Marta Cuscunà // “Earthbound”
Uno spettacolo di forte ispirazione eco-femminista, liberamente ispirato al saggio Staying with the Trouble di Donna Haraway. Quattro creature animatroniche progettate da Paola Villani, riprese dalle opere dell’artista australiana Patricia Piccinini, una sola attrice, nonché regista, che “abita” una scenografia visuale d’impatto, per 65 minuti di monologo. Una vera e propria performance immersiva, Earthbound – ovvero le storie delle Camille, andato in scena a Milano al Piccolo Teatro Strehler dal 27 al 30 aprile, e di cui Marta Cuscunà è unica e assoluta protagonista, scandisce i tempi, le battute, le pause e i silenzi, in un complesso recitativo in cui un solo interprete vale per dieci.
Lo spettatore si trova davanti un’imponente struttura metallica: una scenografia rotante, azionata e manovrata solo dalla forza umana e non da energie meccaniche. Quando questa, girandosi, rivela i suoi abitanti, per un attimo il pubblico rimane senza fiato.
Gli Earthbound, appartenenti alla comunità delle Camille, sono umani a cui sono stati impiantati geni di creature in via d’estinzione al fine di conservarne la specie.

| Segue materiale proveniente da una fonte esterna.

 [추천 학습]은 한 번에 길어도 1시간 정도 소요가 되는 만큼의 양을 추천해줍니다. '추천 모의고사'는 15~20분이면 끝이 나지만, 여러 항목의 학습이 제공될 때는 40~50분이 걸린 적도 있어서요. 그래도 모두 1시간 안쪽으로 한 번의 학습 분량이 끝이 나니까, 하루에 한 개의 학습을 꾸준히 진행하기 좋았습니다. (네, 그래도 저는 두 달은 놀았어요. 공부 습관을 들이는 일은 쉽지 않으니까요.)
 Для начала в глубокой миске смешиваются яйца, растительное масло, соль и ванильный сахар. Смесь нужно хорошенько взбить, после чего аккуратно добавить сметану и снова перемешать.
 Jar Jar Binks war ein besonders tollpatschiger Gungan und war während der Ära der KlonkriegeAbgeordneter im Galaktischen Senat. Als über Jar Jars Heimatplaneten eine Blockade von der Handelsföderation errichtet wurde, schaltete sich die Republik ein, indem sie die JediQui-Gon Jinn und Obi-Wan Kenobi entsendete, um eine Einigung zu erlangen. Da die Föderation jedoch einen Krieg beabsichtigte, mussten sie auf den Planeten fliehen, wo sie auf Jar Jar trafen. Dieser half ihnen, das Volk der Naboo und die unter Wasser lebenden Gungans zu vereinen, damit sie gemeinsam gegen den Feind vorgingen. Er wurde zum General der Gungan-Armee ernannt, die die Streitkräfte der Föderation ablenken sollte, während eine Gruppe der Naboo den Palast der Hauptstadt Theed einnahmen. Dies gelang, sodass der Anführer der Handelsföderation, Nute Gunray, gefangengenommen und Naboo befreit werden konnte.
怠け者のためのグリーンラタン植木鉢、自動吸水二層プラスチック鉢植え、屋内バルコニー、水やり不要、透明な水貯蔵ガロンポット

Nella loro società la riproduzione è un gesto collettivo, una decisione condivisa, rara e ponderata «fate legami, non bambini», questo è il principio etico che accompagna la politica di contenimento delle nascite, di cui l’uomo ha sempre abusato. L’idea alla base di questa politica è quella di sostituire i legami di sangue con i legami di “cura”, motivo per cui ogni individuo in questa società possiede almeno tre genitori.

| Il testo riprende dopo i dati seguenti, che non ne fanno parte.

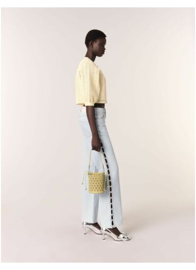 Comment entretenir ce cardigan en crochet strassé ? Pour préserver la qualité du crochet et l’éclat des strass, il est recommandé de le laver à la main à l’eau froide ou en cycle délicat, sans essorage intensif. Le séchage à plat évite toute déformation et garantit une tenue impeccable.
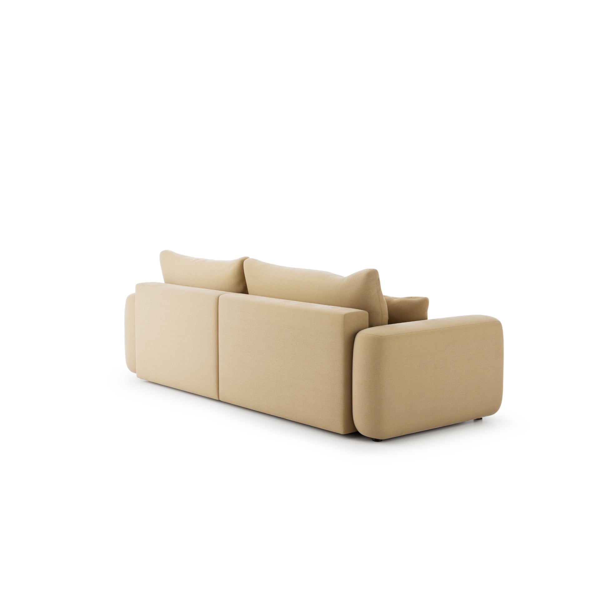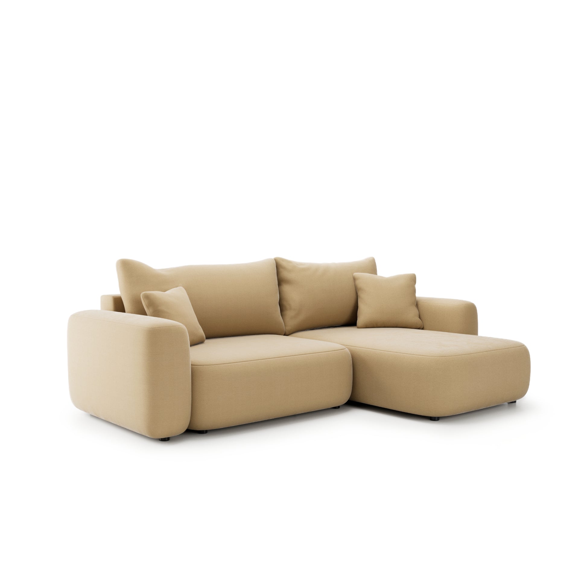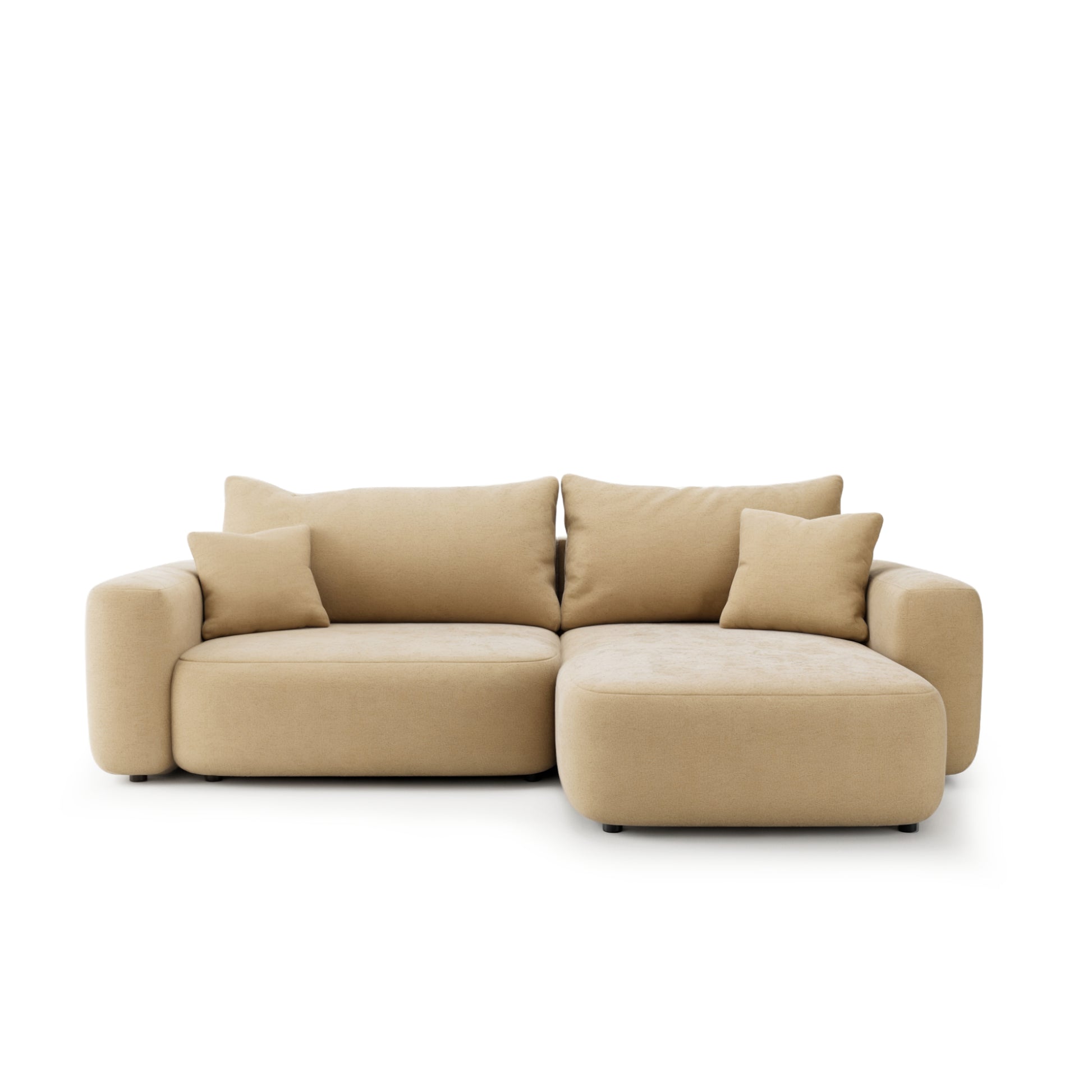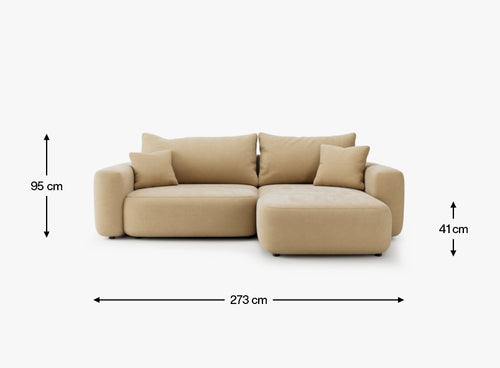 Szerokie siedziska o głębokości 63 cm i miękkie oparcia zapewniają komfort na najwyższym poziomie – idealny zarówno do popołudniowego odpoczynku, jak i długich wieczorów w gronie najbliższych. Dzięki funkcji spania narożnik w kilka chwil zamienia się w wygodne łóżko o powierzchni 216 × 134 cm, a praktyczny pojemnik na pościel pozwala zachować porządek i maksymalnie wykorzystać przestrzeń.
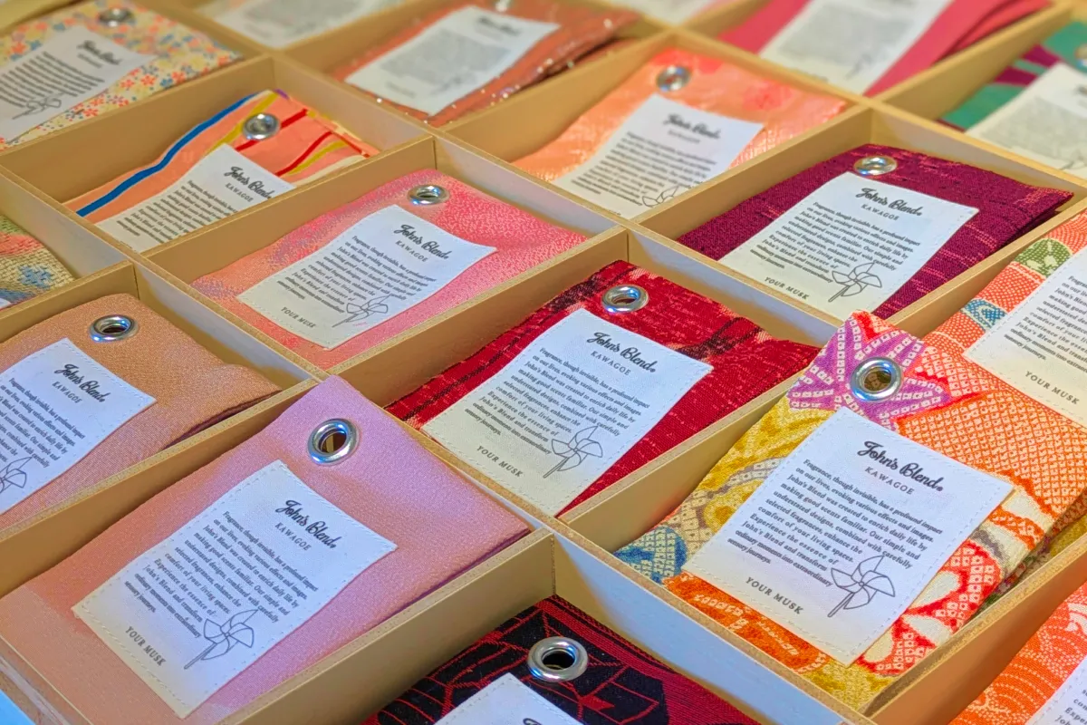 YOUR MUSK by John’s Blend 川越店のサシェ袋は着物をアップサイクルした生地を使用。

Lo spettatore è chiamato in causa direttamente, la quarta parete viene rotta: i personaggi ci vedono, si accorgono della nostra presenza, ci prendono in giro, non hanno mai visto così tanti umani intenti in «fallaci attività di comunità».
Assistiamo al momento in cui, dopo decenni, quarantuno anni per la precisione, le Camille decidono che è giunto il momento di procreare: ci si accorda su un donatore, una gestante e con fatica si prova ad innescare questo processo quasi sacro. La narrazione distopica diviene via via sempre più nitida, è scandita dalla presenza di un’intelligenza artificiale, Gaia, interpretata sempre dalla regista, che collega le creature animatroniche a un dispositivo centrale di sussistenza e vita. Si attiva ad ogni richiesta degli Earthbound, in lei scopriamo un deciso desiderio di riprodursi, in una continua connessione con la natura e i suoi molteplici legami, rapporti simbiotici.

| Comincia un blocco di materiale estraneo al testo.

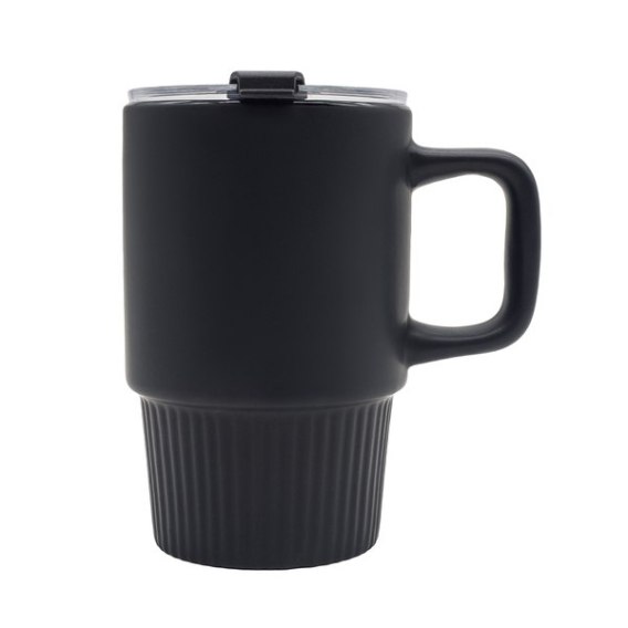 Kubek ceramiczny (440 ml) w matowym wykończeniu. Wyposażony w praktyczną, przezroczystą pokrywkę. Minimalistyczny i nowoczesny, idealny do biura i domu.

Il monologo fantascientifico a “cinque voci” della Cuscunà ci invita a pensare, a riflettere, ad approcciare alla realtà con una chiave di lettura alternativa. È un piacere da ascoltare, da vedere e da capire.
La tradizione del teatro di figura si fonde con le tecniche di animazione più innovative servendosi di una retorica efficace, scaltra ed evocativa. Si esce dallo spettacolo con più domande che certezze, ma è giusto così, è giusto interrogarsi, stuzzicare il pensiero critico. E se, come dice Donna Haraway, «Le storie fanno i mondi. I mondi fanno le storie», Earthbound è uno dei racconti possibili del nuovo mondo infetto in cui potremmo trovarci a vivere domani.